Beginning at the top of the data below, restate every line word for word until the line containing "후 A열을 선택하여줍니다." has been included, and omit the pictures.

================================

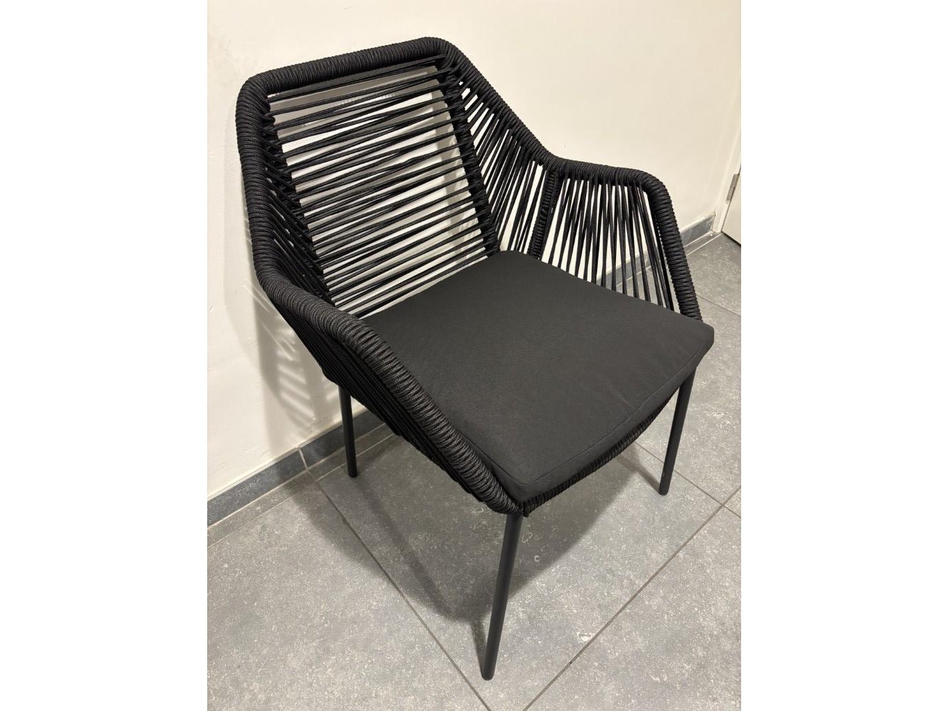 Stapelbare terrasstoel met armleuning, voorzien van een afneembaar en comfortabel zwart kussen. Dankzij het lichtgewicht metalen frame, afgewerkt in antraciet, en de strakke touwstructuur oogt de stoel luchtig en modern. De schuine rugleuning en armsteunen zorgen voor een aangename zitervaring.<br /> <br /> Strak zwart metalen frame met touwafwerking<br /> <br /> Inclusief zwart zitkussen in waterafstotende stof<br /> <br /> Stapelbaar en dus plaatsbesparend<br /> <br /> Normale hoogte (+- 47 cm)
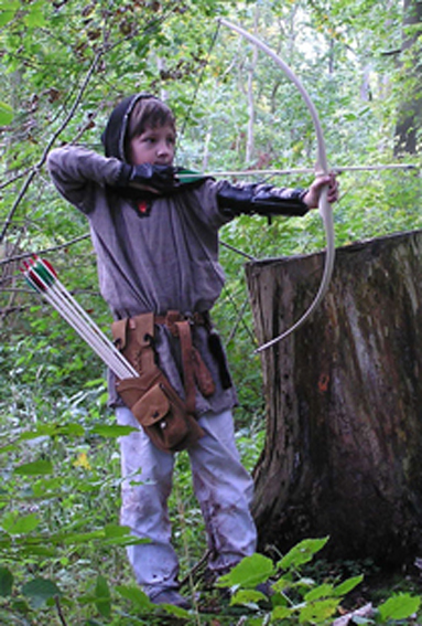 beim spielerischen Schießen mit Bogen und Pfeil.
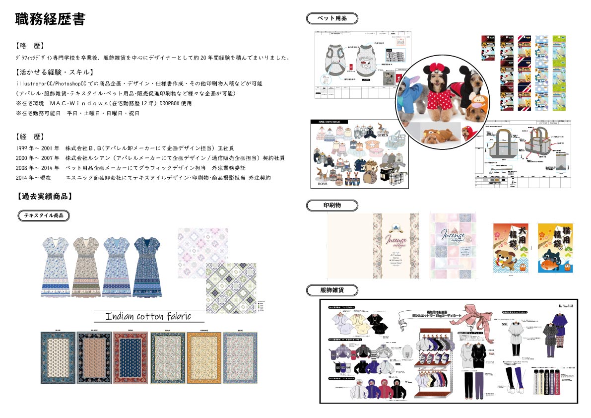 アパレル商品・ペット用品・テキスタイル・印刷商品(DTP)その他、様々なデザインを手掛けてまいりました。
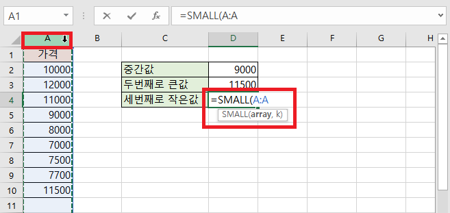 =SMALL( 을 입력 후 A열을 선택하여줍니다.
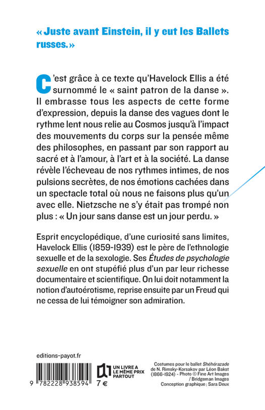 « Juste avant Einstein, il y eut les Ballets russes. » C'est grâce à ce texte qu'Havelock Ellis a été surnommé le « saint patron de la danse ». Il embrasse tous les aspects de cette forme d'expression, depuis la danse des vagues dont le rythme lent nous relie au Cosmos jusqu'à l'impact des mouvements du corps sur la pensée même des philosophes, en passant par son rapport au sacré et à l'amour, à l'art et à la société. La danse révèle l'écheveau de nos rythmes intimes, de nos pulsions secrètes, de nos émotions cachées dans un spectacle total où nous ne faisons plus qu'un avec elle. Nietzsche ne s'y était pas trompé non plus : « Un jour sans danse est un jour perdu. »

================================

◆ **EXPECTED ANSWER**:
 Stapelbare terrasstoel met armleuning, voorzien van een afneembaar en comfortabel zwart kussen. Dankzij het lichtgewicht metalen frame, afgewerkt in antraciet, en de strakke touwstructuur oogt de stoel luchtig en modern. De schuine rugleuning en armsteunen zorgen voor een aangename zitervaring.<br /> <br /> Strak zwart metalen frame met touwafwerking<br /> <br /> Inclusief zwart zitkussen in waterafstotende stof<br /> <br /> Stapelbaar en dus plaatsbesparend<br /> <br /> Normale hoogte (+- 47 cm)
 beim spielerischen Schießen mit Bogen und Pfeil.
 アパレル商品・ペット用品・テキスタイル・印刷商品(DTP)その他、様々なデザインを手掛けてまいりました。
 =SMALL( 을 입력 후 A열을 선택하여줍니다.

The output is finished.